Local Deployment, Inference, and Fine‑tuning of the Vicuna‑7B Large Language Model

The author begins by reviewing the unsatisfactory performance of a previously deployed Alpaca‑LoRA model on Chinese instructions and motivates the exploration of Vicuna‑7B, which reportedly reaches over 90% of ChatGPT’s capability while being inexpensive to train.

Environment preparation includes upgrading GCC to version 13.1, installing CUDA 11.7 via the runfile installer, and adding cuDNN and NCCL RPM packages. Commands for extracting, configuring, and compiling GCC are provided, wrapped in tar -xzf gcc-13.1.0.tar.gz, cd gcc-13.1.0, ./contrib/download_prerequisites, mkdir build,

../configure --enable-checking=release --enable-languages=c,c++ --disable-multilib

, and subsequent make and make install steps.

To obtain Vicuna, the original LLaMA‑7B model (26 GB) is cloned via

git lfs clone https://huggingface.co/decapoda-research/llama-7b-hf

and the Vicuna delta weights are fetched with

git lfs clone https://huggingface.co/lmsys/vicuna-7b-delta-v1.1

. The two are merged using the FastChat utility:

python -m fastchat.model.apply_delta \

--base ./model/llama-7b-hf \

--delta ./model/vicuna-7b-delta-v1.1 \

--target ./model/vicuna-7b-all-v1.1

which results in a 13 GB combined checkpoint.

Required Python dependencies (fschat, tensorboardX, flash‑attn) are installed via pip install fschat tensorboardX. Flash‑attn fails on the original GCC, prompting the compiler upgrade described earlier.

Model inference is performed with FastChat’s CLI:

python -m fastchat.serve.cli --model-path ./model/vicuna-7b-all-v1.1 --style rich

Alternative flags for 8‑bit loading, CPU execution, or multi‑GPU usage are also shown.
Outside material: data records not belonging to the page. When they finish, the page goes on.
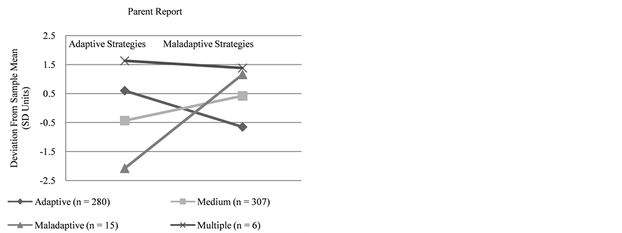 Figure 1. Profile means in adaptive and maladaptive anger regulation for child and parent report four class solution.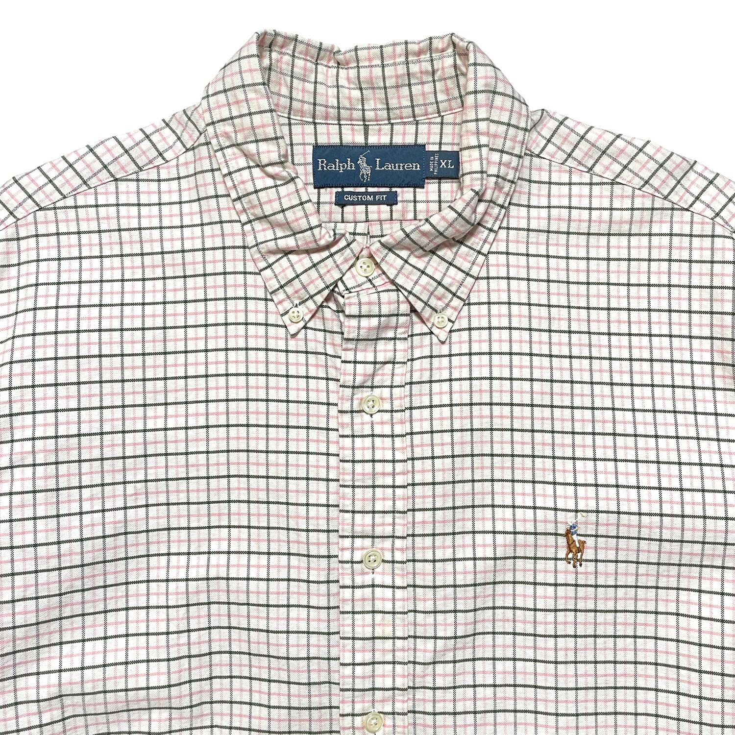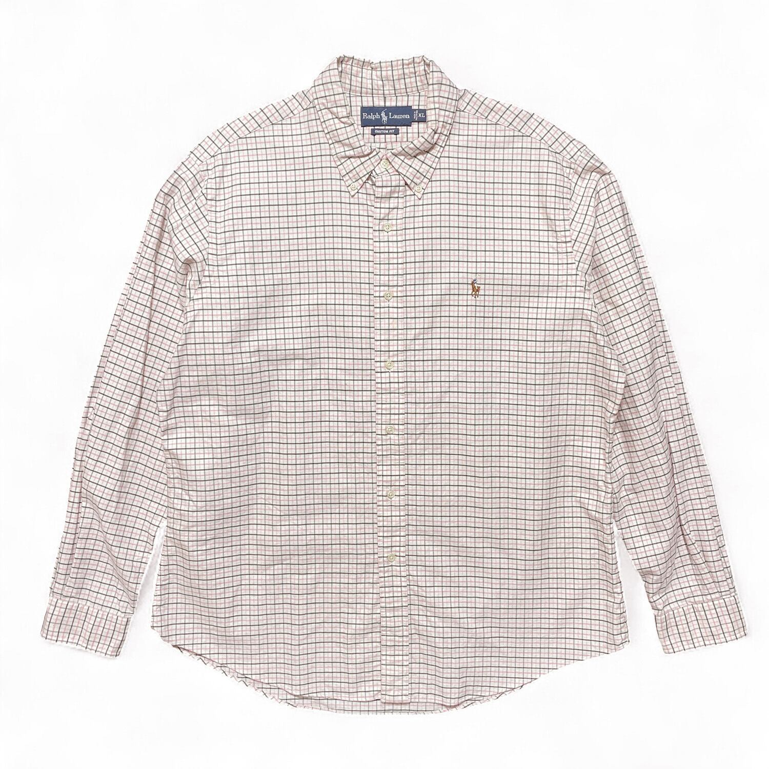 USA 古着 Ralph Lauren ラルフローレン オックスフォード コットン チェック柄 長袖シャツ メンズXL カジュアルシャツ BG1108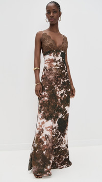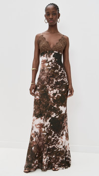 - Fabric: Lightweight, low-stretch silk chiffon - Lace trim at bust - Bias cut for slight stretch - Maxi length - V neck - Adjustable shoulder straps - Hook-and-eye and hidden zip at back - Shell: 100% silk - Lined - Lining: 100% polyester - Dry clean - Imported, China Style #LGENC32209 Size & Fit Features a body-skimming, floor-length silhouette. Silk chiffon fabric has an airy feel. An alternative bra is recommended. Shopbop’s expert stylist says: Runs true to size Model measurements: Size 0: Cher (5'11") usually wears size 0 Measurements from size 0 Length: 63.75in / 162.0cm, from shoulder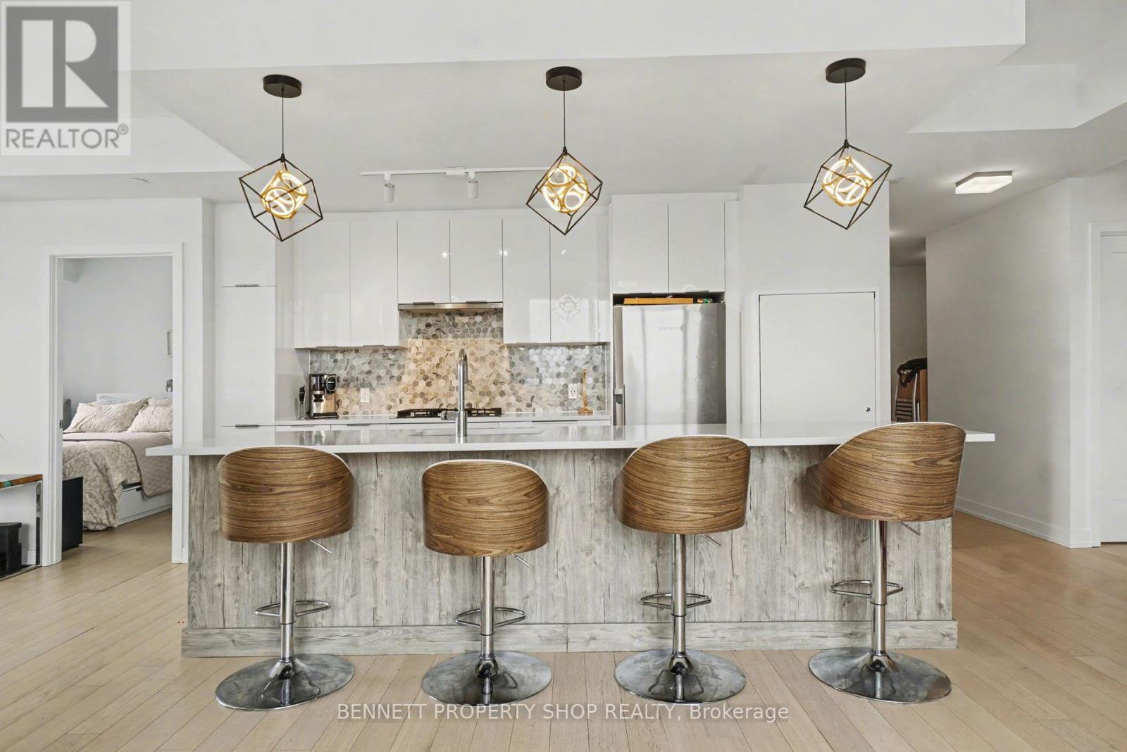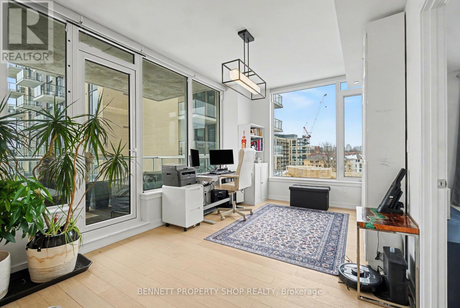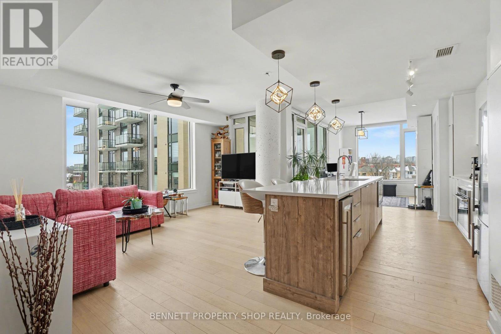 Welcome to The Terraces II by EQ Homes in Greystone Village, Old Ottawa East, one of Ottawa's most desirable riverfront communities. Offering over 1,200 sqft, this is the largest suite currently available in the building, providing a rare combination of space, layout and upgrades that sets it apart from smaller 2-bedroom options.This upgraded corner suite features 2 bedrooms + den, 2 bathrooms and underground parking with EV charger. West-facing exposure fills the open-concept layout with natural light. Engineered hardwood flooring flows throughout the main living space, anchored by a chef-inspired kitchen with oversized quartz island, built-in wine fridge, sleek flat-panel cabinetry, stainless steel appliances, gas cooktop and built-in oven.The spacious living and dining areas open to a covered terrace with gas BBQ hookup. With over 1,200 sqft of interior living space, the scale of this layout is immediately noticeable and rarely available here.The primary retreat offers dual closets and a modern ensuite with walk-in glass shower. A generous second bedroom and versatile den provide flexibility for guests, work-from-home or hobby space.Additional features include motorized blinds, quartz bathroom counters, two bike racks and a storage locker. The parking space is directly across from the elevator doors, offering exceptional everyday convenience.Residents enjoy a fitness centre, party room, guest suite, library, bike and kayak storage, pet wash station and car/bike wash area. Ideally located between the Rideau River and Rideau Canal, steps to pathways, parks, Main Street shops and cafés, the Flora Footbridge, Lansdowne and downtown Ottawa. Luxury living in one of the city's most walkable & desirable neighbourhoods. 48 Hours Irrevocable March 1 - March 16th 2026, 24 Hours irrevocable after March 16th as per Form 244. Minimum 12 Hours notice for all showings.

Evaluation compares Vicuna’s responses on recipe recommendation, multilingual queries, code generation, and math problems. Results indicate strong multilingual ability and decent coding assistance, but occasional hallucinations in recipes and inaccurate simple arithmetic.

Fine‑tuning attempt uses a torchrun command with multiple GPUs, specifying dataset, training hyper‑parameters, and FSDP settings. The process fails because the Tesla P40 (SM_62) lacks the required SM_75 architecture for the model’s fine‑tuning kernels.

In conclusion, Vicuna‑7B delivers superior inference speed (≈1 s per query on a single GPU) and better multilingual performance than Alpaca, making it a solid open‑source LLM candidate. Future work includes fine‑tuning on newer GPUs, integrating the model into specific applications, and building a production‑ready service.